Collected data:
»»

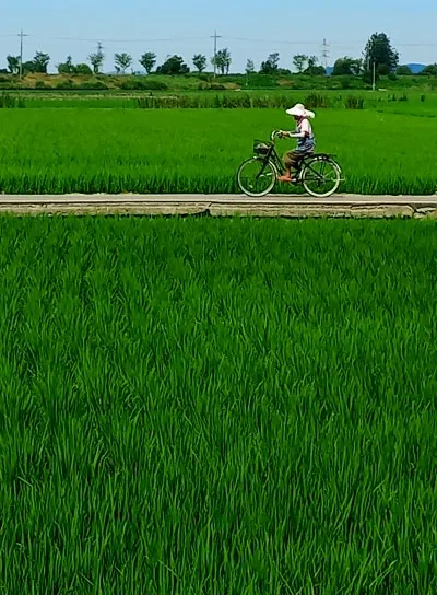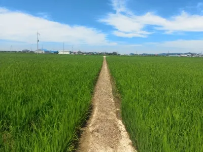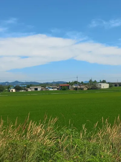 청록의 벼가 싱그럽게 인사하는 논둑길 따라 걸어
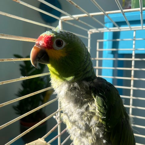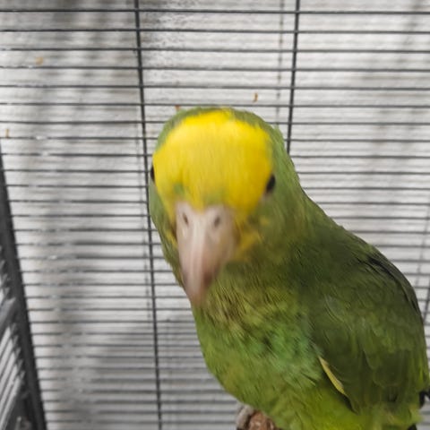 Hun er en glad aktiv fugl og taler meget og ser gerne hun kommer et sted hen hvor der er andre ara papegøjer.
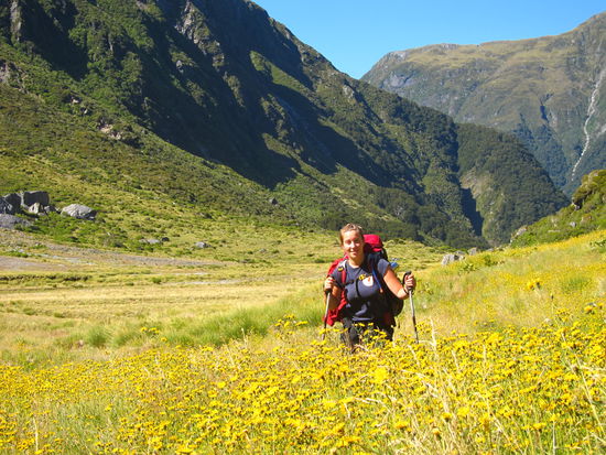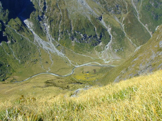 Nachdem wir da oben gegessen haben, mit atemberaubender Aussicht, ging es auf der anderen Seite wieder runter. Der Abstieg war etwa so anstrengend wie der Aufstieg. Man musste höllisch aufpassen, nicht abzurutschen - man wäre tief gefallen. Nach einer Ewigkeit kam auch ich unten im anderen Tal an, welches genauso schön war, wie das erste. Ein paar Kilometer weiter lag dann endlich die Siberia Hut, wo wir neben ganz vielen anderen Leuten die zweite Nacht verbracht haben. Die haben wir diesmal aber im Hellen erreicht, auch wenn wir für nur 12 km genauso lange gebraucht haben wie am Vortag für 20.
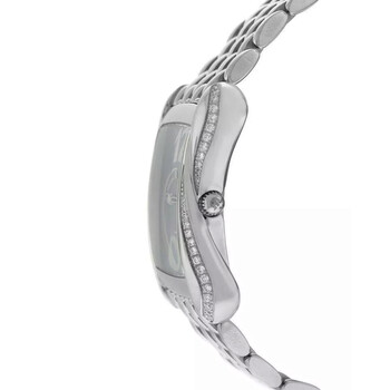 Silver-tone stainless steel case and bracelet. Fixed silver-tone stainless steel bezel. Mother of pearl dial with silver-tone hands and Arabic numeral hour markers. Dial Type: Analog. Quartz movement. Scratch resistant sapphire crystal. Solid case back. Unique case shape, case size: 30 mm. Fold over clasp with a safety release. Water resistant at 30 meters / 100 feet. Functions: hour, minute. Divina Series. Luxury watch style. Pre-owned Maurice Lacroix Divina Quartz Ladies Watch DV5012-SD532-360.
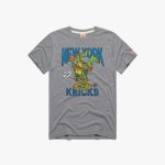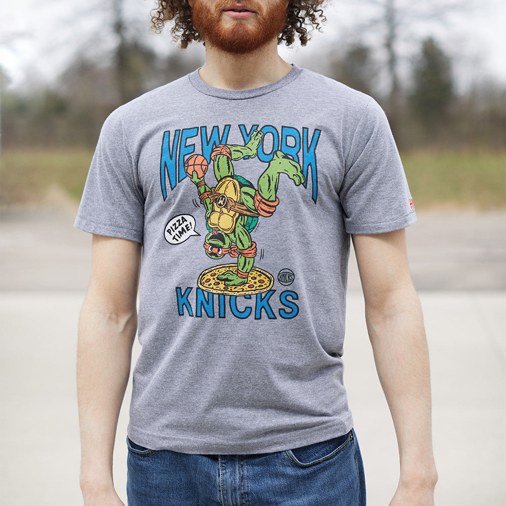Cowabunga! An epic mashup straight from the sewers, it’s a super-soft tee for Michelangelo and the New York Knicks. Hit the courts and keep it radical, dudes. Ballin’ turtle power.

««

Work required:
Omit every picture, and please return the entries exactly from the first line through the line with "Hun er en glad", both included.

Output of the exercise:
 청록의 벼가 싱그럽게 인사하는 논둑길 따라 걸어
 Hun er en glad aktiv fugl og taler meget og ser gerne hun kommer et sted hen hvor der er andre ara papegøjer.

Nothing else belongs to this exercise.